Der Fastzusammenstoss über dem Flughafen war im vergangenen Jahr kein Einzelfall. Das Büro für Flugunfalluntersuchungen registrierte laut gut unterrichteten Quellen 19 Near Misses über schweizerischem Territorium. Diese Zahl ist noch nicht definitiv gesichert; die detaillierte Statistik liegt in wenigen Wochen vor. Fest steht auf alle Fälle, dass es mehr Beinahezusammenstösse gab als im Jahr 2002, als 15 Near Misses gezählt wurden. Der Delegierte für die Sicherheit der Zivilluftfahrt, Markus Mohler, spricht in diesem Zusammenhang von einer «Enttäuschung». 19 Beinahezusammenstösse seien eindeutig zu viel.
Besserung steht noch aus
In den Jahren 1994 bis 1996 gab es jeweils nur 2 Near Misses; damals war die Erfassung der Vorfälle allerdings noch weniger präzise als heute. Unbestritten ist aber, dass das Sicherheitsmanagement der Zivilluftfahrt in der Schweiz in den neunziger Jahren schlechter wurde. Im Juni 2003 konstatierte ein niederländisches Institut in einem Bericht, den Bundesrat Moritz Leuenberger nach einer Serie von Flugunfällen in Auftrag gegeben hatte, bedenkliche Missstände bei den für die Flugsicherheit zuständigen Institutionen. Das Departement Leuenberger erliess daraufhin einen Aktionsplan zur Verbesserung der Sicherheit in der Zivilluftfahrt.

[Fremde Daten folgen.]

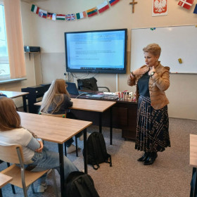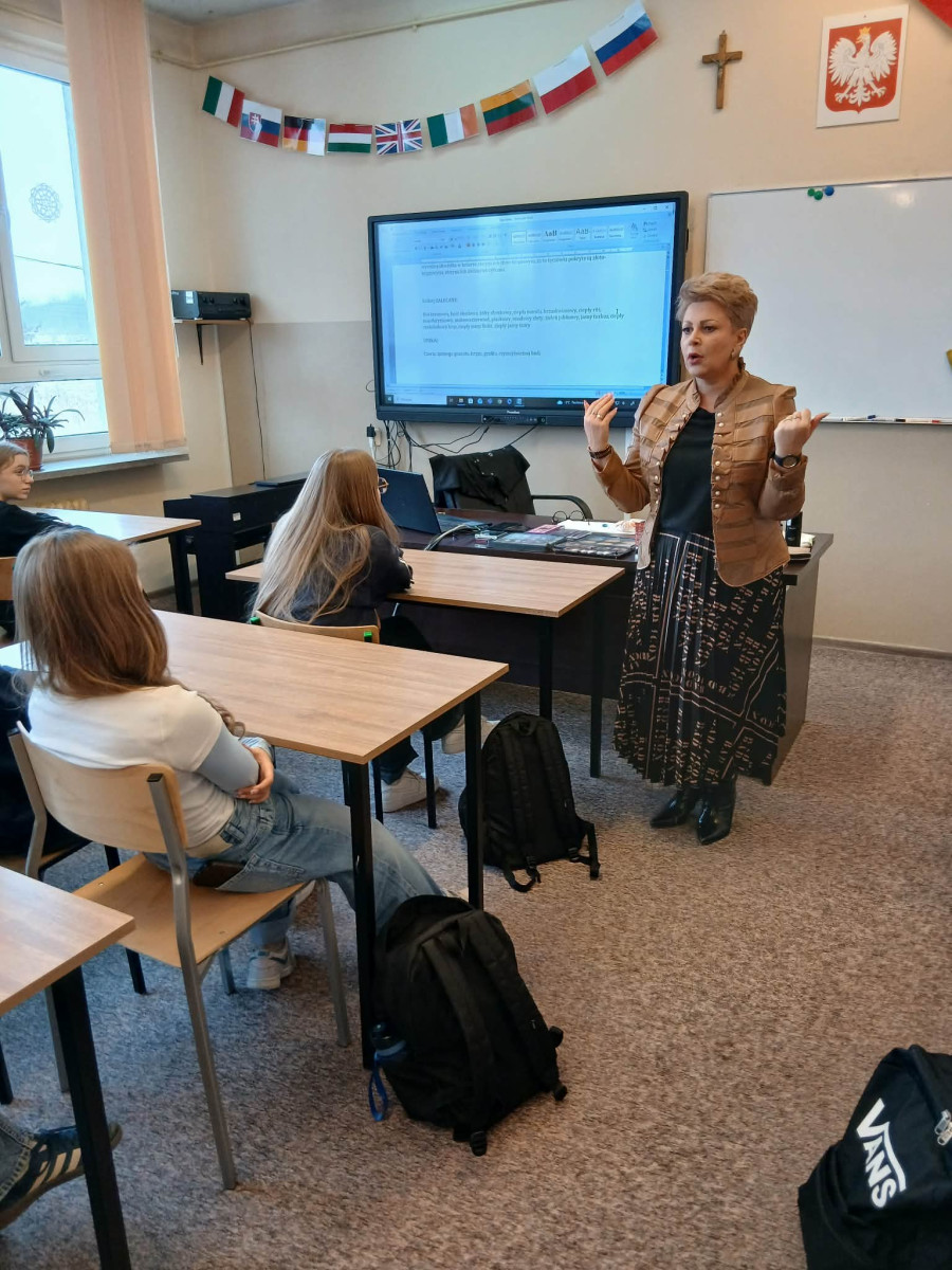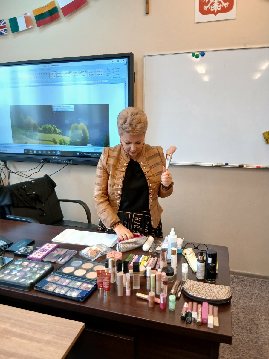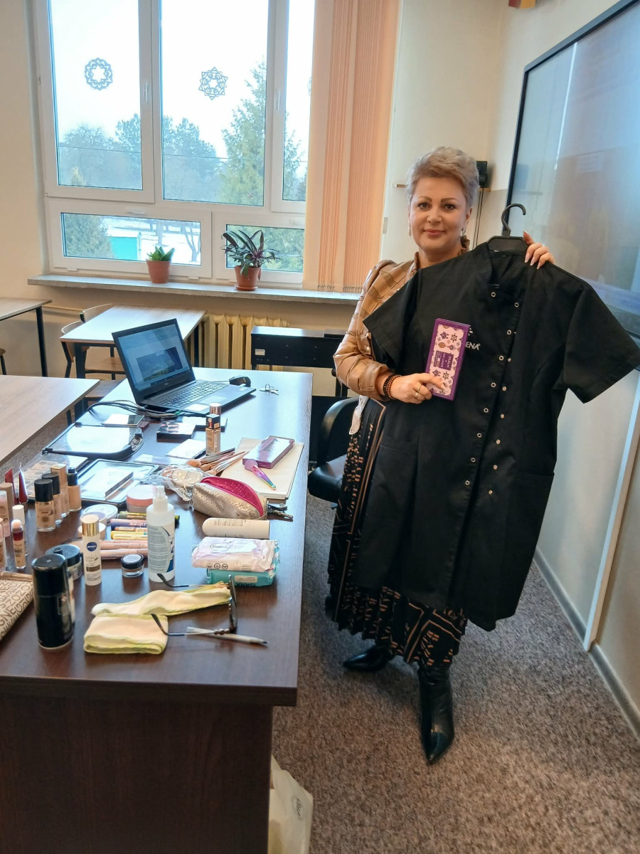 Podczas spotkania Pani Ewa zaprezentowała tajniki swojego zawodu, opowiadając o ścieżce kariery, wymaganych kwalifikacjach oraz realiach pracy w branży kosmetologicznej. Uczniowie mieli okazję poznać praktyczne aspekty zawodu, nowoczesne metody pielęgnacji oraz zadać pytania dotyczące rozwoju zawodowego.
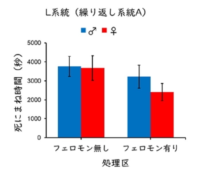 今回、死んだふりのモデル昆虫であるコクヌストモドキにおいて、集合フェロモンの存在が死んだふりから覚醒する刺激のひとつであることを世界に先駆けて示しました。
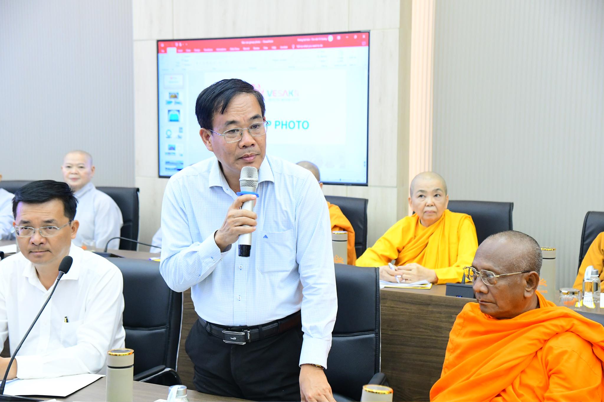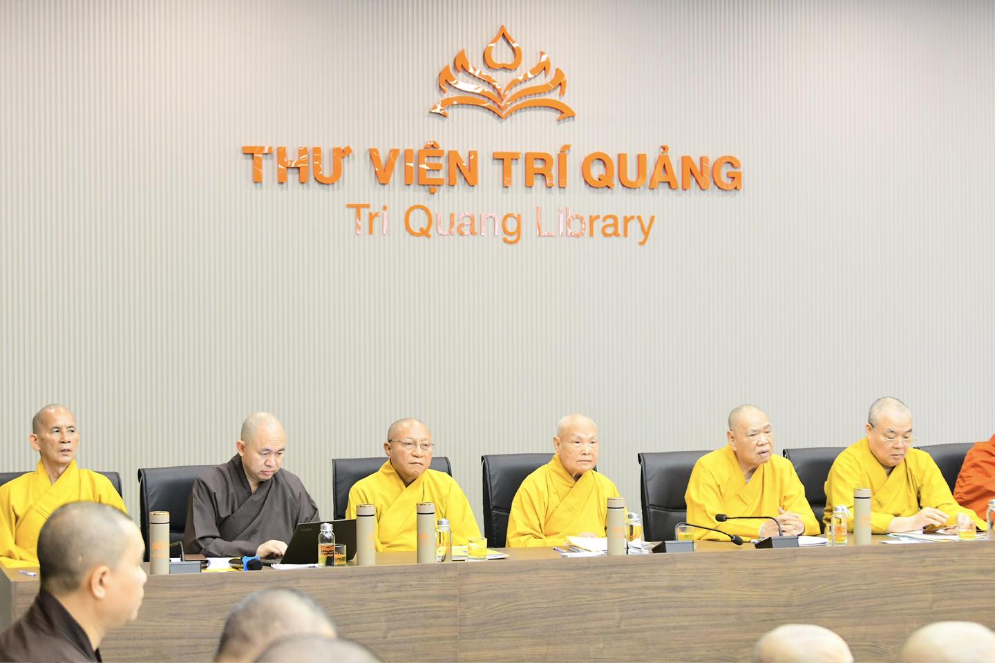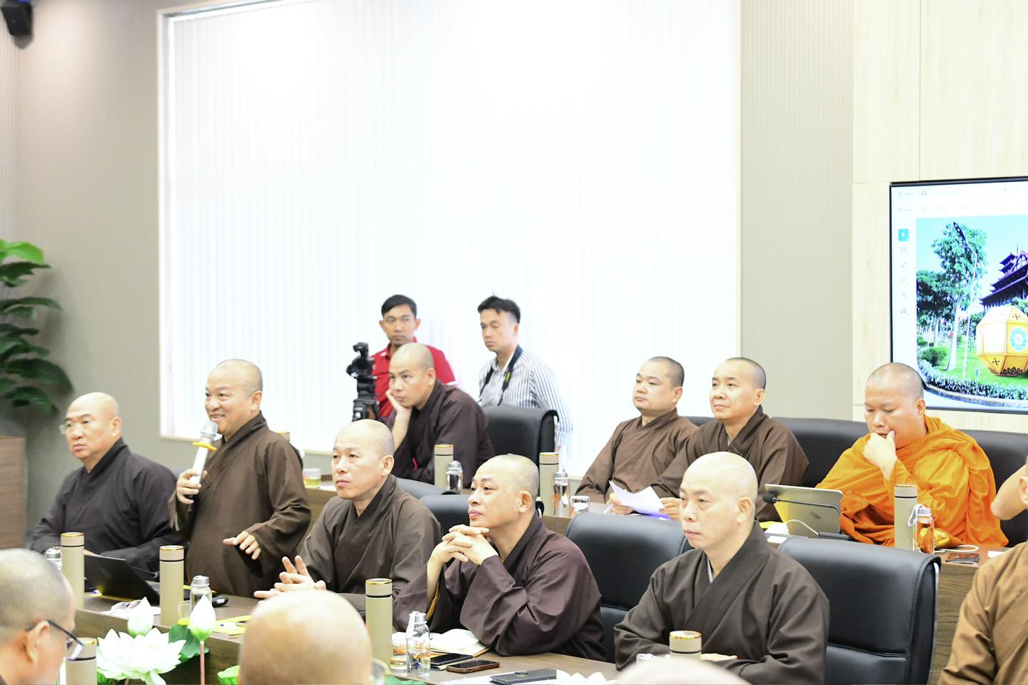 Trong phần báo cáo truyền thông, Hòa thượng Thích Gia Quang cho biết công tác phối hợp với các cơ quan báo chí đã được triển khai sớm. Trung tâm báo chí phục vụ Đại lễ sẽ khai trương vào ngày 2/5 tại Học viện, hỗ trợ cấp thẻ và tạo điều kiện tác nghiệp.
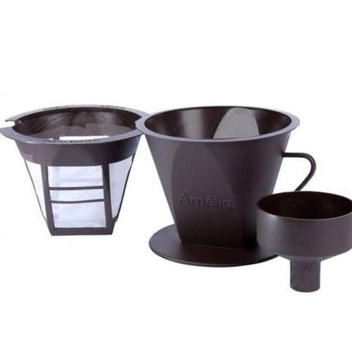 Coador permanente em tela de poliéster e plástico. Produto ecologicamente correto, evita o uso dos descartáveis. Coe café diretamente na garrafa evitando o resfriamento. Filtro 15 x 13 cm. Suporte 14 x 12 cm. Adaptador para garrafa 8 x 7 cm Diâmetro para encaixe na garrafa 2,5 cm. O valor anunciado é para uma unidade.
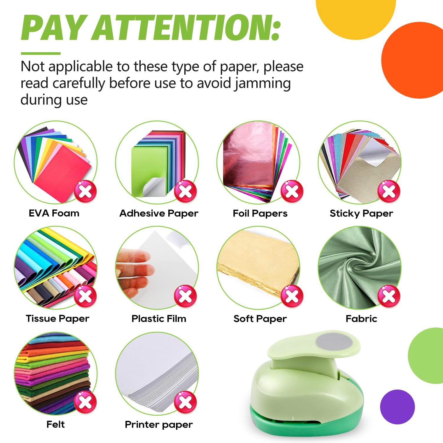 - NO-JAM PAPER GUIDE – Please Use 120–250 g/m² card stock with the craft puncher. Do NOT punch sticker paper, adhesive vinyl, felt, foam, tissue/soft/thin printer paper unless you stack 2–3 layers, wrong paper can jam the punch
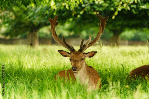 Red deer (Cervus elaphus) reasting in shade in spring in England

Die im Plan aufgelisteten Massnahmen sind noch lange nicht umgesetzt. Eine Subkommission des Ständerats ist am Freitag in einer Zwischenbeurteilung zum Schluss gekommen, dass «das Management des Sicherheits-Systems der schweizerischen Luftfahrt nach wie vor als nicht hinreichend stabil» erachtet werden müsse. Die ungenügenden qualitativen und quantitativen Kapazitäten der Flugsicherung Skyguide seien ein grosses Problem. Die vom Urner Ständerat Hansruedi Stadler präsidierte Subkommission weist mit Nachdruck darauf hin, dass für die Umsetzung des Aktionsplans zusätzliche finanzielle Mittel nötig seien. Laut Bundesrat Leuenbergers Pressesprecher Hugo Schittenhelm wird derzeit ein Nachtragskredit ausgearbeitet, der sich auf einen «tiefen zweistelligen Millionenbetrag» belaufe.